Der "asymmetrische" Konflikt
Ein solcher Einsatz von Drohnen sei typisch für sogenannte "asymmetrische Konflikte", also die Auseinandersetzungen von Staaten mit nicht-staatlichen Gegnern wie Taliban oder al-Quaida. Genau dieser Einsatz sei problematisch. Wer darf in einem asymmetrischen Konflikt denn überhaupt als Ziel gelten? Diese Fragen zu klären stelle das Völkerrecht vor große Herausforderungen, sagte Oeter.
„Eine Drohne kennt kein Mitgefühl“
Kritik an der Praxis des "targeted killing" und den darüber hinausgehenden "signature strikes" übte der Politikwissenschaftler Peter Rudolf von der Stiftung Wissenschaft und Politik in Berlin. Bei "signature strikes" würden auch größere Gruppen von Personen aus der Distanz getötet. Neben den Anführern terroristischer Gruppen würden dabei auch "Fußsoldaten" bewusst ins Visier genommen. Noch problematischer sei allerdings, dass diese Angriffe auch durch den amerikanischen Geheimdienst CIA ausgeführt würden.
Der Kreis möglicher Zielpersonen werde durch den Geheimdienst sehr groß gefasst, so Rudolf weiter. Nach unbestätigten Informationen seien durch den Einsatz von Kampf-Drohnen durch die CIA in den vergangenen Jahren 3.000 Menschen getötet worden, die meisten davon in Pakistan und dem Jemen. Wer die Entscheidung über die Tötung von Gegner fälle, sei der Öffentlichkeit vollkommen unbekannt.

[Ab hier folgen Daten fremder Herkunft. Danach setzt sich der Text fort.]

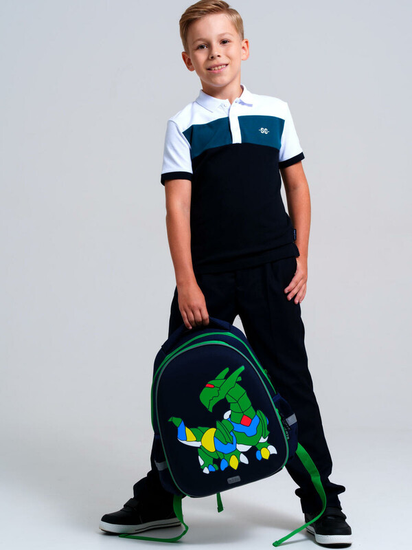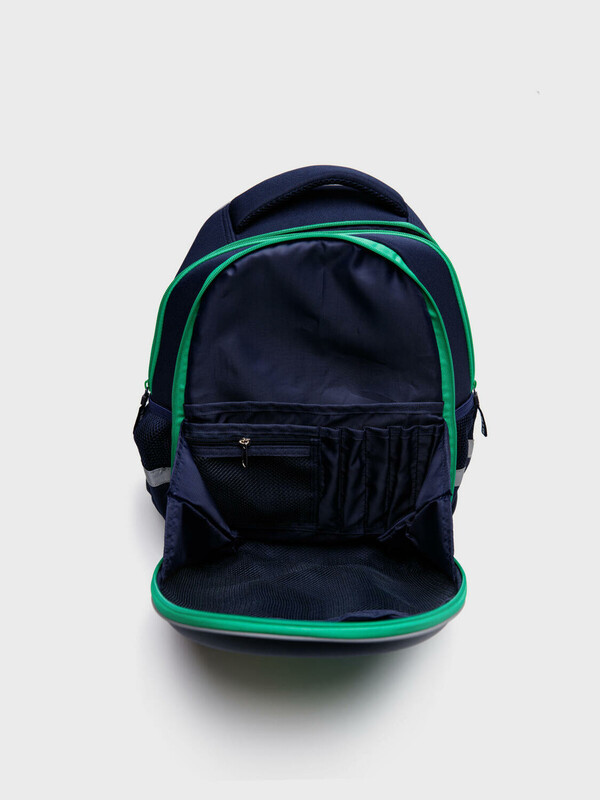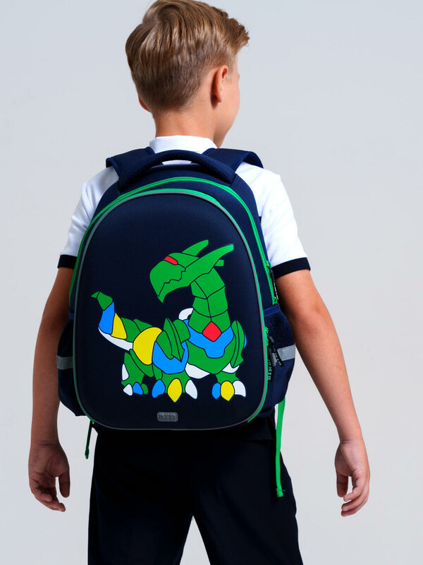 Школьный рюкзак для мальчика подростка. Формованный ранец с ортопедической вентилируемой спинкой, распределяющей равномерно нагрузку на спину ребенка. Широкие вентилируемые лямки, регулируемые под рост и одежду ребенка. Ранец отлично держит форму, не деформируется при складывании в него школьных принадлежностей, устойчивое дно с пластиковой накладкой. Влагозащитная пропитка, светоотражающие элементы на лямках, карманах и передней панели, а так же по периметру задней и передней панелях, основное отделение на молнии, дополнительный отсек на молнии, два боковых кармана, внешний карман на молнии, в основном отделении большой внутренний карман с тремя отсеками для папок и тетрадей с эластичной лентой липучка, в дополнительном отсеке карманы и отсеки для канцелярских принадлежностей. Рюкзак в школу можно дополнить мешком для обуви и пеналом в том же дизайне.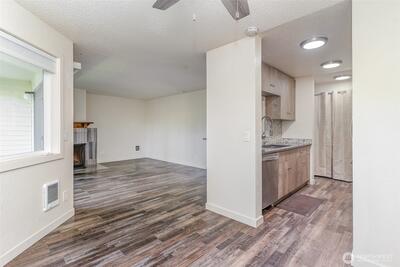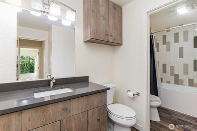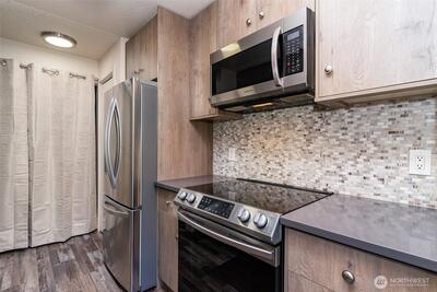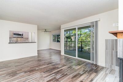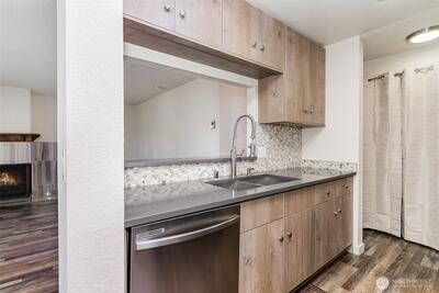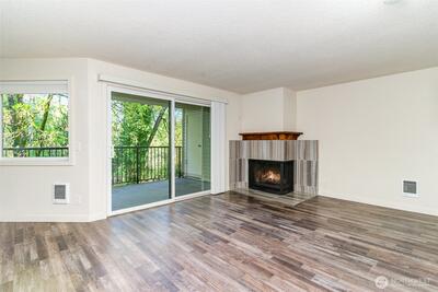 Investors! Immediate income with this fabulously updated condo that is conveniently close to everything! Complete interior remodel in 2021 with vinyl plank floor, quartz counters, new appliances, extra cabinets in kitchen and bath, paint, updated fireplace, carpet in bedrooms, doors & trim. All appliances included. Spacious deck w/locked storage cabinet; community lawn area. Located just steps from the Cross Kirkland Corridor Trail and less than 1 mile to Kirkland's waterfront with shops and restaurants in between. Less than 1 mile to Google/Facebook/ Microsoft. New roof in 2024, low HOA dues! Investors and new home owners- property is subject to tenant rights, lease expires April 2026. Photos were taken before current tenant occupied.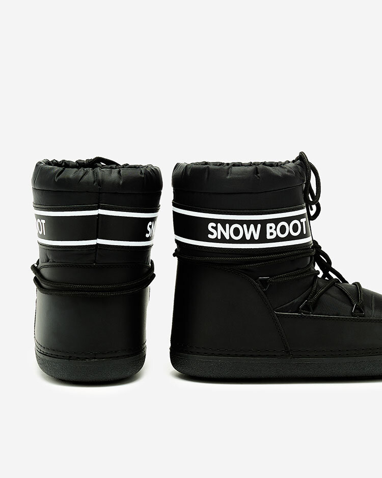 • Bottes de neige pour femmes avec un revers en combinaison de cuir écologique et de matériau en tissu matelassé. Doublé de tissu à l'intérieur, chaussures à enfiler et à lacets, avec un revers.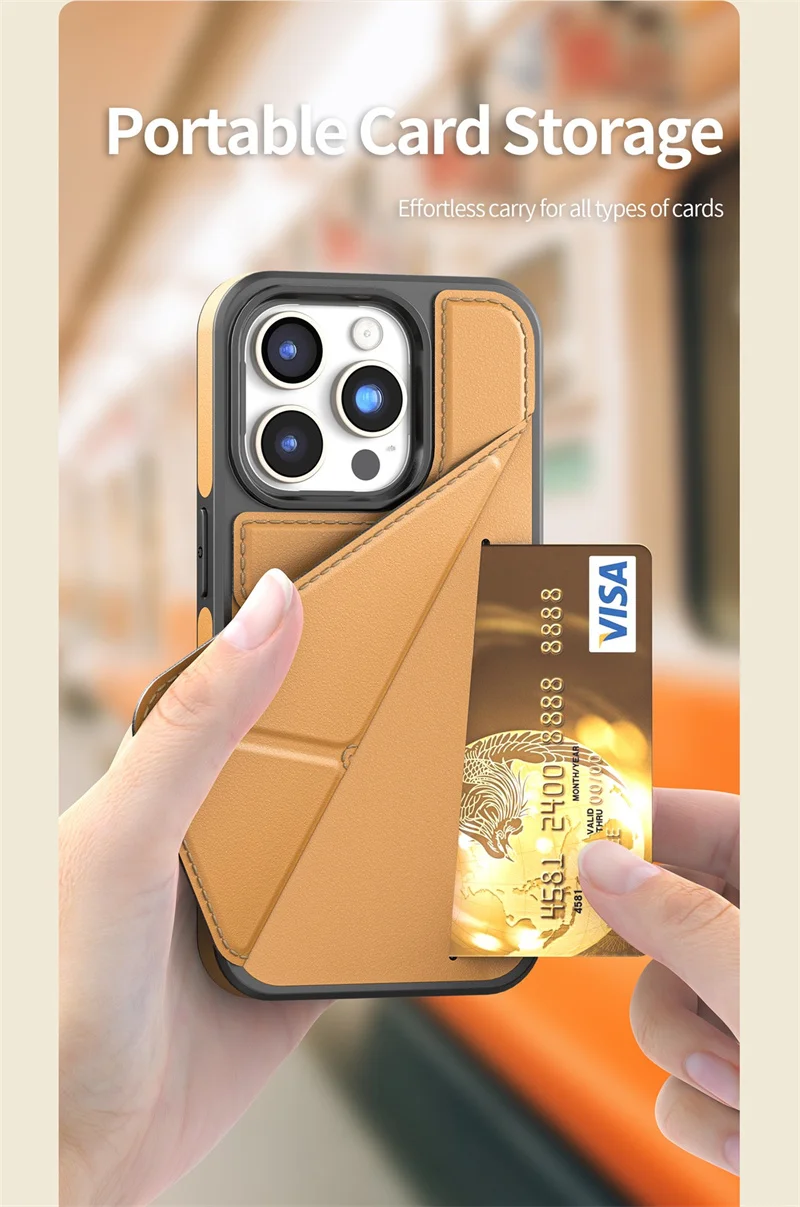 Comprar Funda de teléfono de cuero PU con ranura para tarjeta, carcasa protectora a prueba de golpes para iPhone 16, 15, 14, 13, 12, 11 Pro Max Plus
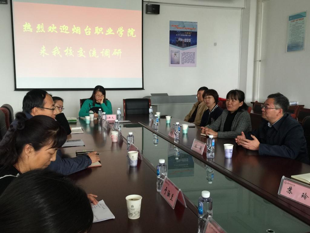 化学工程学院负责同志向来访客人介绍了近年来化学工程学院在专业建设、教学成果、现代学徒制、实训室建设、技能大赛等多方面取得的成果。来访客人对化学工程学院取得的成果表示赞赏并介绍了烟台职业学院应用化工技术专业的相关情况,表示希望在专业建设等方面加强“校校合作”,共同进步。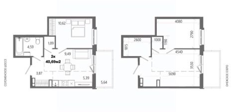 Продаётся 2-комнатная квартира в строящемся доме (Дом 8), срок сдачи: II-кв. 2028, общей площадью 40.69 кв.м., на 9 этаже.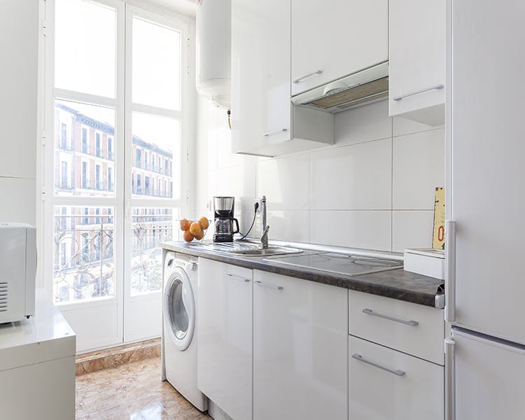 Cozy and bright south facing apartment, new and furnished with modern furniture, located on a quiet street behind Plaza Mayor and just around the corner from Puerta del Sol and Plaza Santa Ana. Sunny lounge with 42" TV and balcony, bright bedroom with air conditioning, new fully equipped kitchen with balcony and washing machine.

Vor Verallgemeinerungen warnte Thomas R. Elßner, Dozent für katholische Theologie und Ethik am Zentrum Innere Führung der Bundeswehr in Koblenz. Man könne den Einsatz von Drohnen bei der Bundeswehr, dem amerikanischen Militär und durch die CIA nicht in einen Topf werfen. In Deutschland erteile grundsätzlich das Parlament den Auftrag für den Einsatz der Bundeswehr. Dabei seien der Schutz der eigenen Soldaten, die Verhältnismäßigkeit der Mittel und die Vermeidung von Kollateralschäden ein Argument für den Einsatz von Drohnen.
Was man den Soldaten zumutet
Die Bundeswehr kenne eine Praxis wie das "targeted killing" nicht. Drohnen seien "oftmals das einzige Mittel zur Unterstützung der Soldaten aus der Luft", sagte Elßner. Dabei würden auch unbemannte Flugzeuge, nichts anderes seien Drohnen, dem Verfassungs- und Völkerrecht unterliegen. Ethisch seien Drohnen neutral. "Waffen tun nichts von sich aus", sagte Elßner. Gestritten wurde über die psychologischen Auswirkungen des Tötens auf Distanz.

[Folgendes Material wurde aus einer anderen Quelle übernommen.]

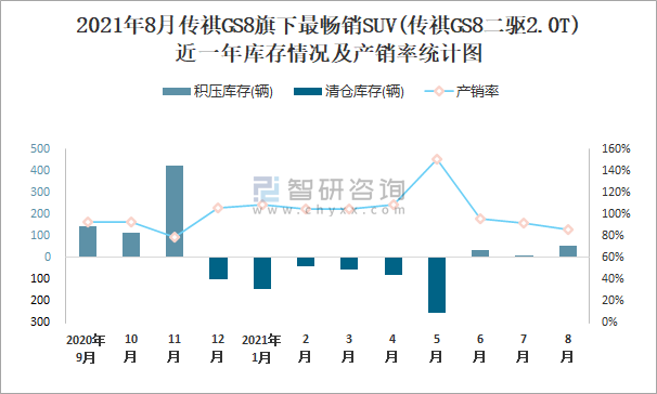 2021年8月傳祺GS8旗下最暢銷SUV(傳祺GS8二驅2.0T)近一年庫存情況及產銷率統計圖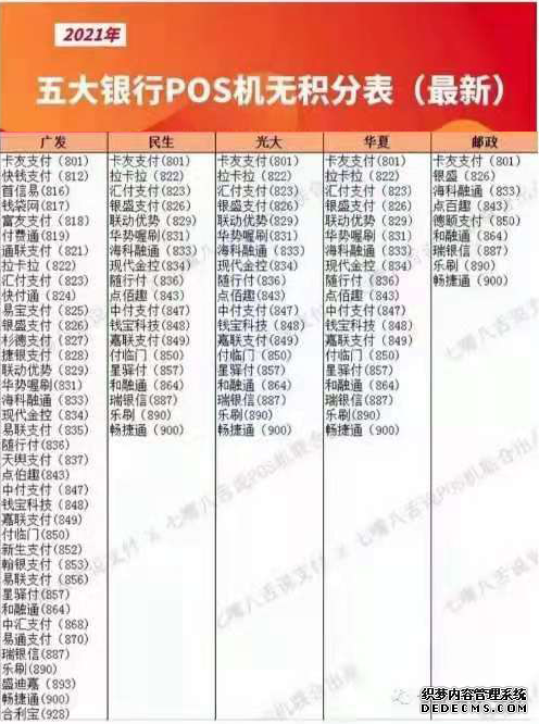 5、郵政銀行,沒有積分的包含,暢捷通,樂刷,卡友,銀盛,??迫谕?,點(diǎn)佰趣,和融通,瑞銀信,盛付通依舊有積分,所以由此可以看出,盛付通支付是全能,基本所有銀行都有積分,是真正的全積分的機(jī)器,具體可以參考一下圖片
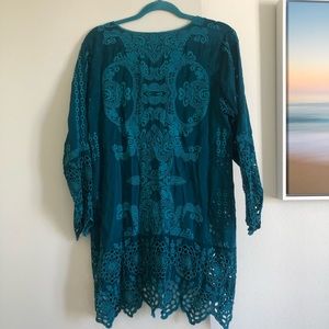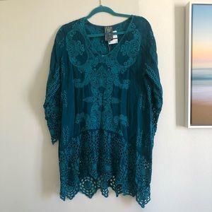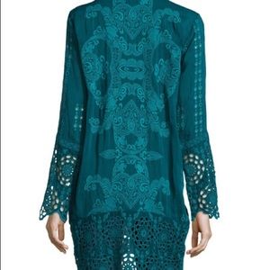 Beautiful Johnny Was Collection "Lona" tunic! Stunning embroidery covers this to in a vibrant teal/turquoise hue! Johnny Was Collection "Lona" tunic in embroidered georgette with eyelet detail.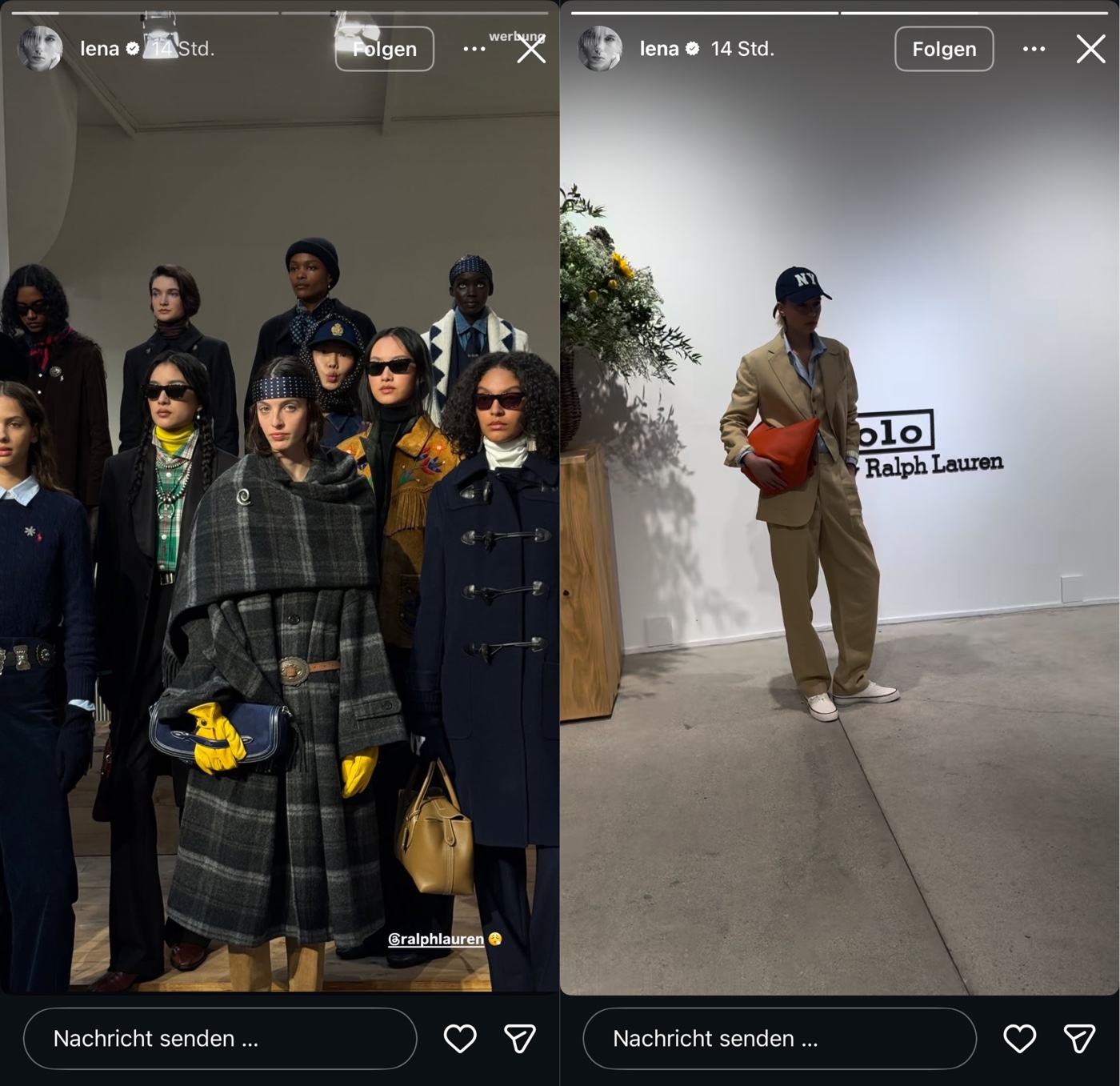 Während es bei den einem Premium Werbepartner einen Flop nach dem anderen gibt – geht es bei Lena munter weiter. Gibt ja genug! Polo Ralph Lauren bspw. … klar, war auch alles bei denen bisher ein Engagement-Flop, aber hey … die Hoffnung stirbt bekanntlich zuletzt. Jedenfalls präsentiert sich die Marke auf der Fashion Week in Paris – da darf unsere Lena, als deren Werbemaskottchen, natürlich auch nicht fehlen. Konversation gibt es selbstverständlich keine dazu, als Lena stumm zwei Storys mit Markenmarkierung postet. Reicht ja auch! Hauptsache auf Kosten anderer Dekadenz ausleben!

Die Bediener von Drohnen sitzen in der Regel in Kommandozentralen weit entfernt vom Kampfgebiet. Der These von Thomas R. Elßner, die Entscheidungen eines Drohnenpiloten seien durch die Distanz zum Kampfgeschehen rationaler, widersprach der Greifswalder Psychologe Harald J. Freyberger.
Aus der Forschung wisse man, dass Distanz zu Irrationalität führe. Er frage sich, wie Menschen es verarbeiten könnten, nachmittags eine Drohne zu steuern und dabei Menschen zu töten. Nur wenige Stunden später säßen diese Drohnen-Piloten dann mit ihrer Familie beim Abendbrot. Freyberger warnte, die Bundeswehr müsse "aufpassen, was wir unseren Soldaten da zumuten".